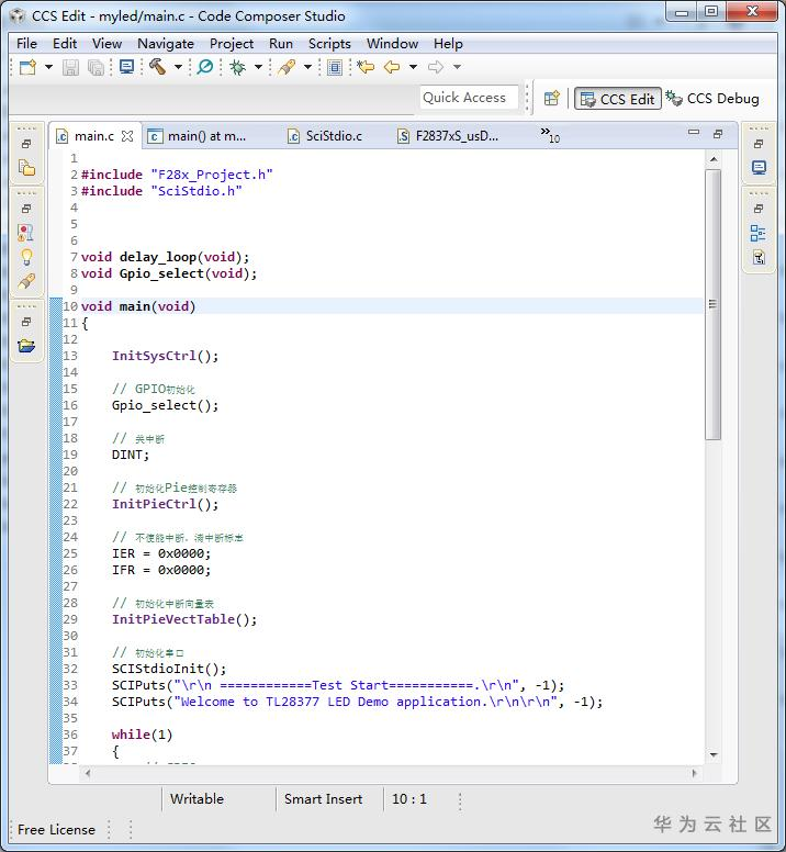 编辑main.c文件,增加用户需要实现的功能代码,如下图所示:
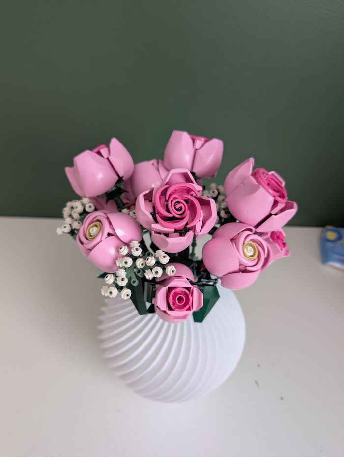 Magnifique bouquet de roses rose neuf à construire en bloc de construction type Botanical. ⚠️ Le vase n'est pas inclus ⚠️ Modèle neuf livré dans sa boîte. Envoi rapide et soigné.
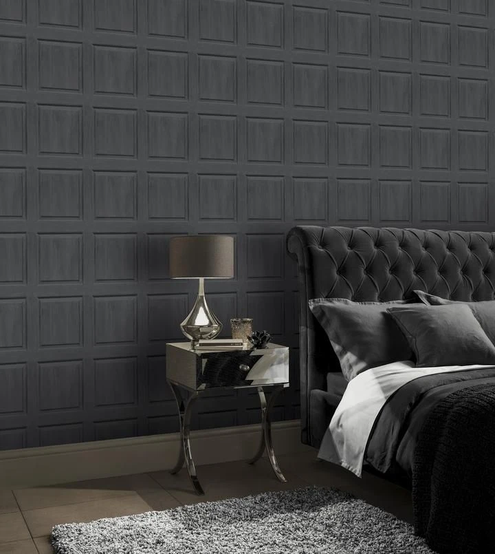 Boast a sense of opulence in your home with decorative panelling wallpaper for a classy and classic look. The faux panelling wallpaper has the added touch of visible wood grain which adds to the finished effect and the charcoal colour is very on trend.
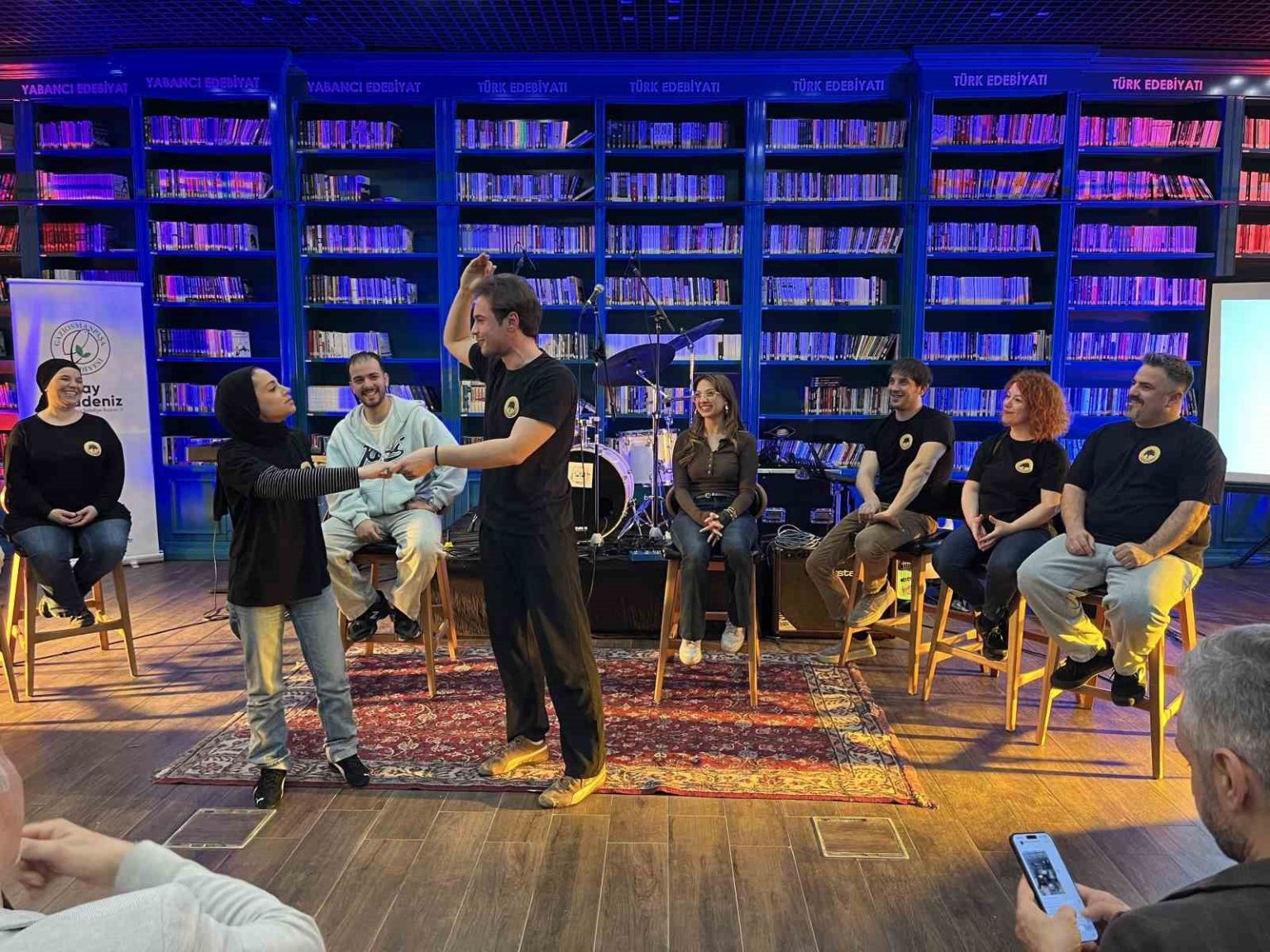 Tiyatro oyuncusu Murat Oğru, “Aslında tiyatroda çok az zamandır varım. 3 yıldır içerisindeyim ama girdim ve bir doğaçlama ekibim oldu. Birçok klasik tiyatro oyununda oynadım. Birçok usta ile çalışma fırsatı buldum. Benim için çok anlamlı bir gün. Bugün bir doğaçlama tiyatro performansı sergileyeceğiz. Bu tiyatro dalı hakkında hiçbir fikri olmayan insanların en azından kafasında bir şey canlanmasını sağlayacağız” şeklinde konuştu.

--

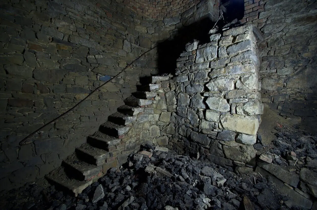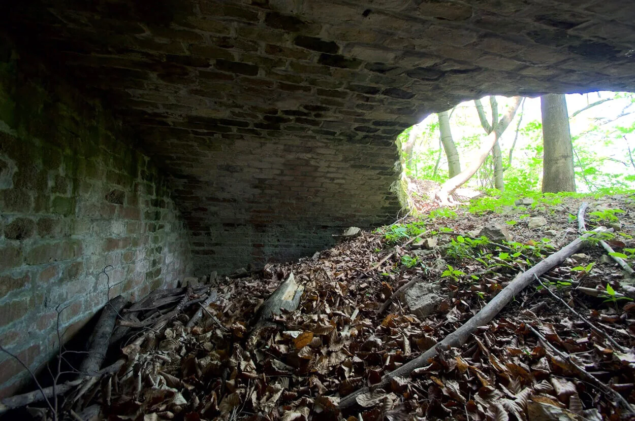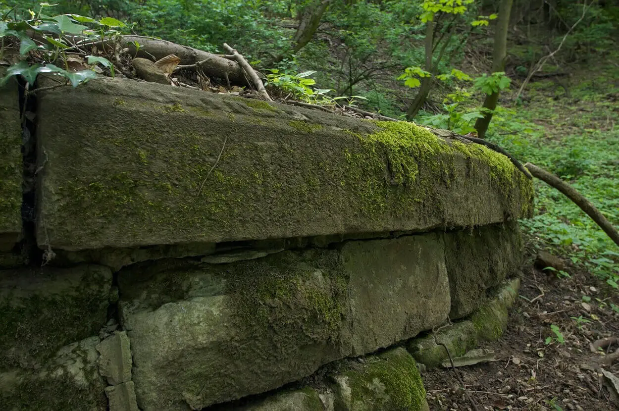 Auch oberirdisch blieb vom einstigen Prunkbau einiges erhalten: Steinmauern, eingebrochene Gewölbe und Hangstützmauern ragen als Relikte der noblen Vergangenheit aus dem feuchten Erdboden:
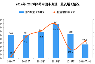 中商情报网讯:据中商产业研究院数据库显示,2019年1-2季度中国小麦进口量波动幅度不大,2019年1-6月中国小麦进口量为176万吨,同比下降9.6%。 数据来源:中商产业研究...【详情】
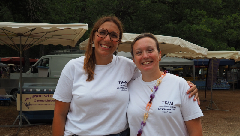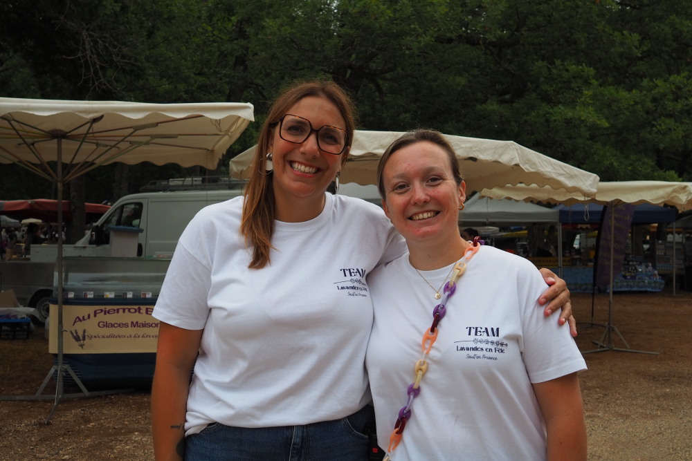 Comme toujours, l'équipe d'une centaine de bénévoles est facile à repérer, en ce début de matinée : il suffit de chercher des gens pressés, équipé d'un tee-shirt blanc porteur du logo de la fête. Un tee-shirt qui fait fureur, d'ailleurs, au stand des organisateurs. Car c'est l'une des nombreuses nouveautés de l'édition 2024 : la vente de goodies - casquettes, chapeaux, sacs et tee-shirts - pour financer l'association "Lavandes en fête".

* * *

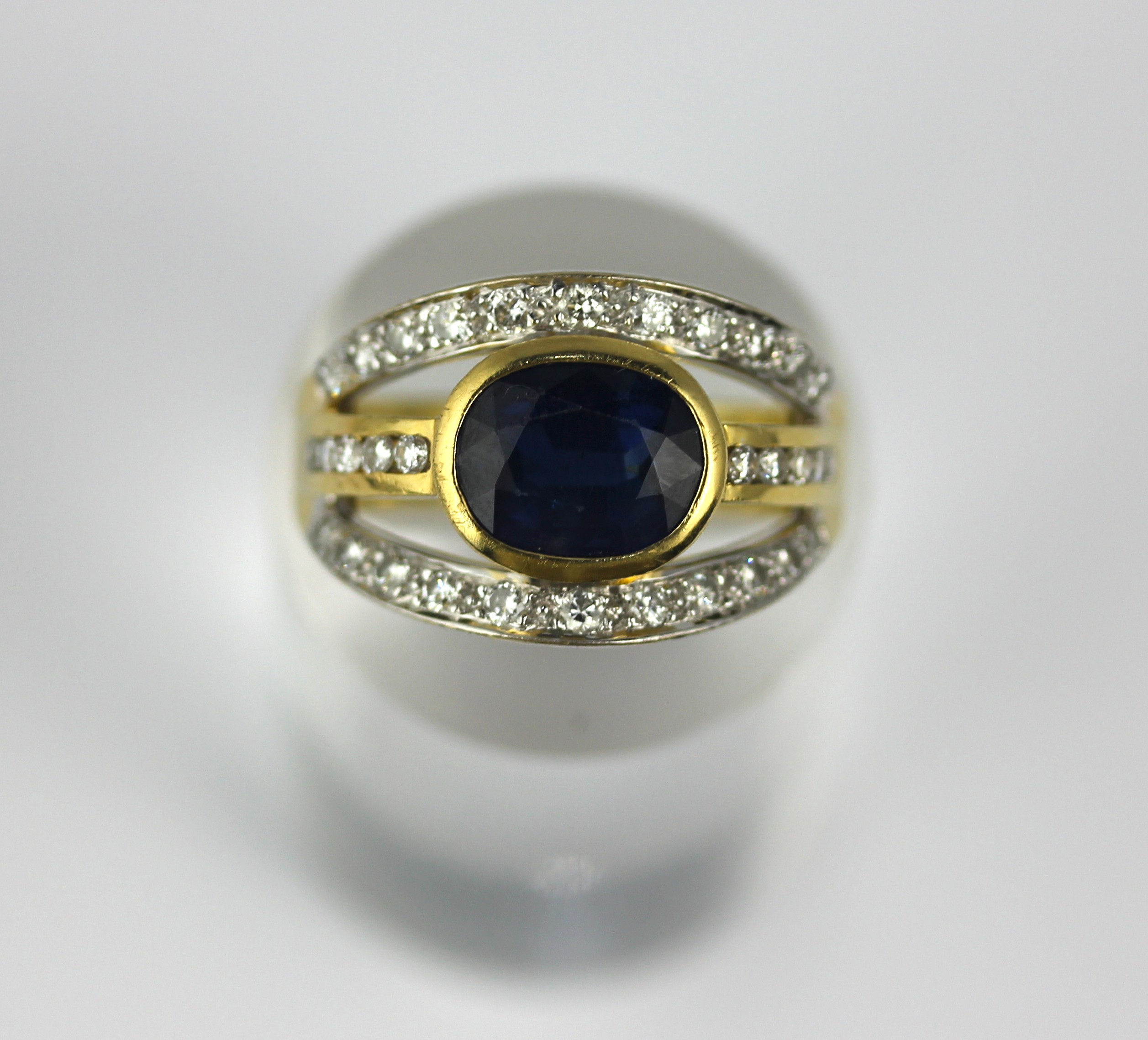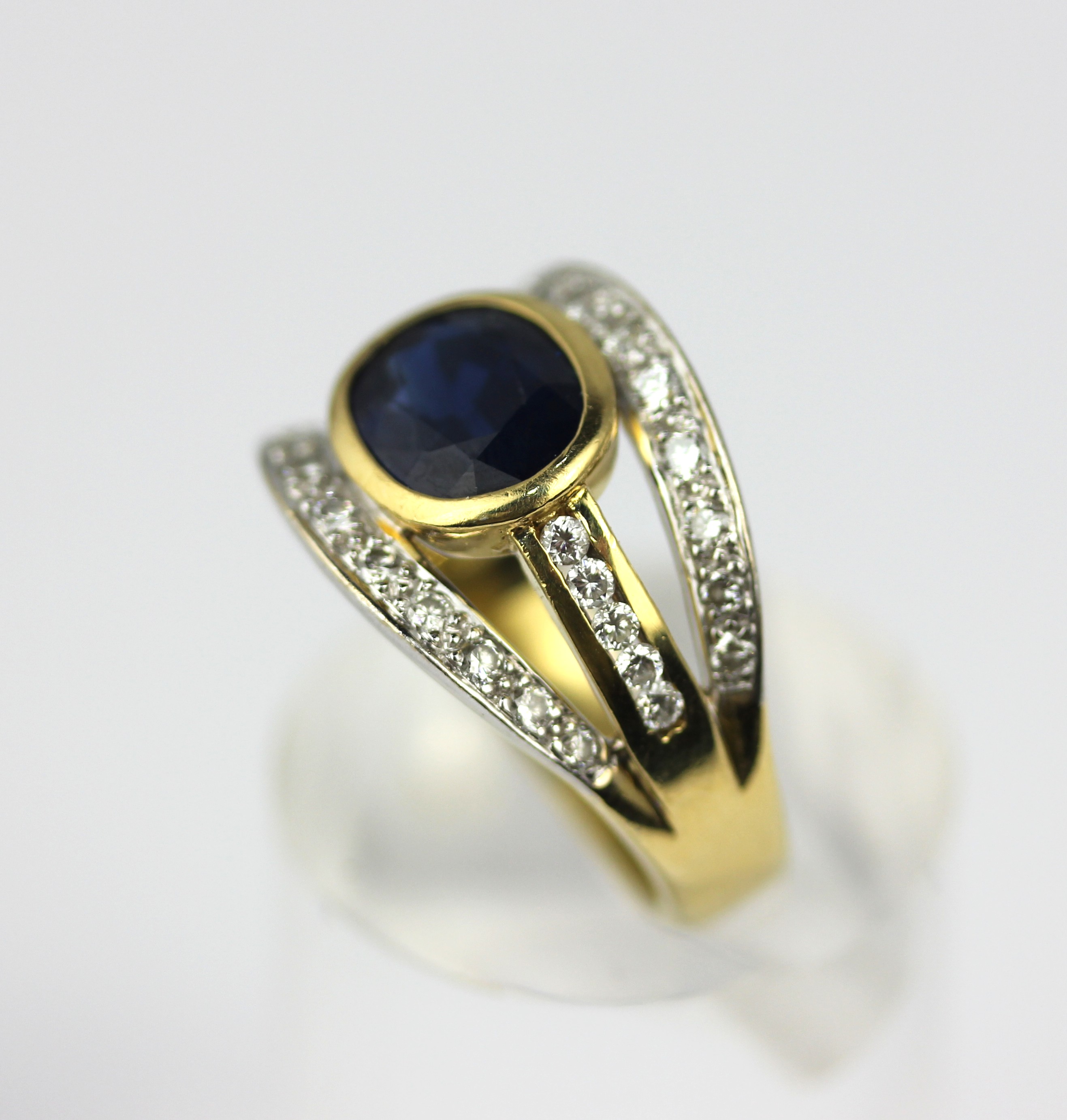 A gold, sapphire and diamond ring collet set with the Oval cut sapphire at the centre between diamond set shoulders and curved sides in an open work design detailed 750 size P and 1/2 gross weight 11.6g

_EXERCISE_
Each line above from the one containing "Boast a sense" through the one containing "Tiyatro oyuncusu Murat" is to be returned verbatim. Nothing else, and no pictures.

_TASK RESULT_
 Boast a sense of opulence in your home with decorative panelling wallpaper for a classy and classic look. The faux panelling wallpaper has the added touch of visible wood grain which adds to the finished effect and the charcoal colour is very on trend.
 Tiyatro oyuncusu Murat Oğru, “Aslında tiyatroda çok az zamandır varım. 3 yıldır içerisindeyim ama girdim ve bir doğaçlama ekibim oldu. Birçok klasik tiyatro oyununda oynadım. Birçok usta ile çalışma fırsatı buldum. Benim için çok anlamlı bir gün. Bugün bir doğaçlama tiyatro performansı sergileyeceğiz. Bu tiyatro dalı hakkında hiçbir fikri olmayan insanların en azından kafasında bir şey canlanmasını sağlayacağız” şeklinde konuştu.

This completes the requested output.